Sustainability careers are in high demand, judging from the record-breaking attendance at the 2009 Net Impact Conference this past weekend (2,400 participants, 60% of which were MBA students).  Problem is, there just aren’t that many full-time positions with “sustainability” or “corporate social responsibility” in the title.  But, it is possible to create a full-time sustainability position where none exists, report three successful social intrapraneurs.

logo-accentureDo what you love.   A self-described “soft-techy guy,” Accenture’s Mike Nicholus had a reputation of being able to deliver results in a global setting.  He was also known as a tree-hugging guy who spouted phrases like “peak oil” and kept preying mantises around his home.  After filling a variety of roles at Accenture and working closely with the CEO, Nicholus was tapped when the company decided to implement a work-at-home initiative.

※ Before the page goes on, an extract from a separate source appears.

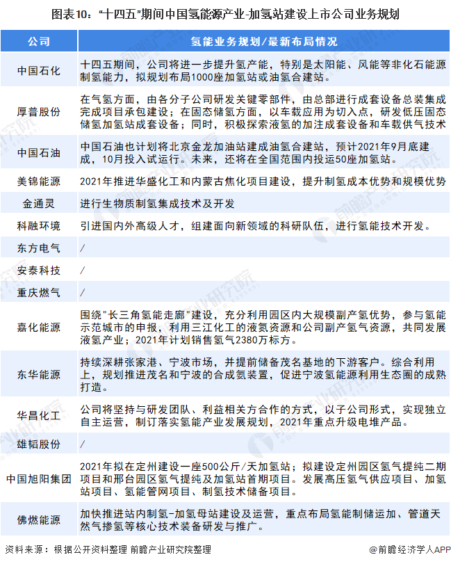 4、氫能源產(chǎn)業(yè)-加氫站建設(shè)上市公司氫能業(yè)務(wù)規(guī)劃對(duì)比

Like most sustainability efforts, it paid off in several ways – substantial cost-savings for the firm, a reduced carbon footprint and workplace flexibility that employees crave.  Now as director, global environment programs, Nicholus promotes programs to measure and manage Accenture’s environmental impact across operations in 49 countries.  His strategy for selling “green” initiatives:  “You need the ability to identify your key ‘buyers’ and make a sound business case for your proposal.”

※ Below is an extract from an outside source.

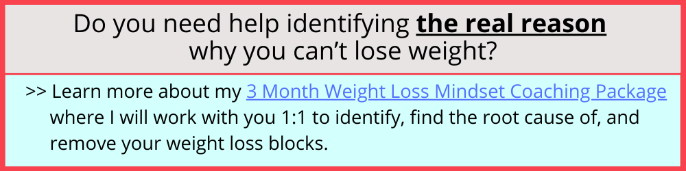 My specialty is removing weight loss blocks. You can learn more about how we would work 1:1 together to remove your block here: 3 Month Weight Loss Mindset Coaching Package.

Nicholus’ advice:  Figure out how to do your day job in four days and spend the fifth day doing what you love. Then flavor the other four days with that.

logo-dellLaunch rogue missions.  Industrial engineer Sara Cooke morphed her position as a facilities manager and space planner for Dell into her current spot as strategist, global workplace, environment & facilities through “rogue missions.”   Through a combination of tenacity and charisma, she kept pushing employee engagement initiatives in new ways.  Today she’s coordinating the engagement component of Dell’s emerging countries initiatives, such as its Brazil-based effort to develop curriculum standards for teachers.

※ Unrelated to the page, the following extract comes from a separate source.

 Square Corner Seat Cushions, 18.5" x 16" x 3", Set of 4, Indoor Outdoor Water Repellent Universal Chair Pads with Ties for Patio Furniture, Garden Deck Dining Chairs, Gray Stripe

Cooke’s advice:   Become a high performer and then leverage your reputation for quality.  Withhold judgment. Embrace your company where it is and then pull it forward.

logo-bestbuyBuild credibility.  Hamlin Metzger left his “dream job” with Adidas because it wasn’t fulfilling to become a buyer at Best Buy 11 years ago. His first step toward sustainability came when he bid to spend 10% of his time on a CSR project and talked a group of other employees into joining him.  When that went well, he bid to spend 30% of his time on CSR.  With a colleague, Hamlin co-founded the Best Buy Social Responsibility Employee Network, a grassroots group that promotes the adoption of responsible business practices. Within two years, he had worked himself into a full-time CSR role, transforming a volunteer-led activity in an official program with a dedicated staff.  “Working as a buyer first helped me understand the organization inside out,” explains Hamlin, who is now senior manager of corporate responsibility for Best Buy.  “It gave me credibility.  I knew how to approach the organization and which players could move a project forward.  I understood their concerns and could show them how sustainability could add momentum to that.”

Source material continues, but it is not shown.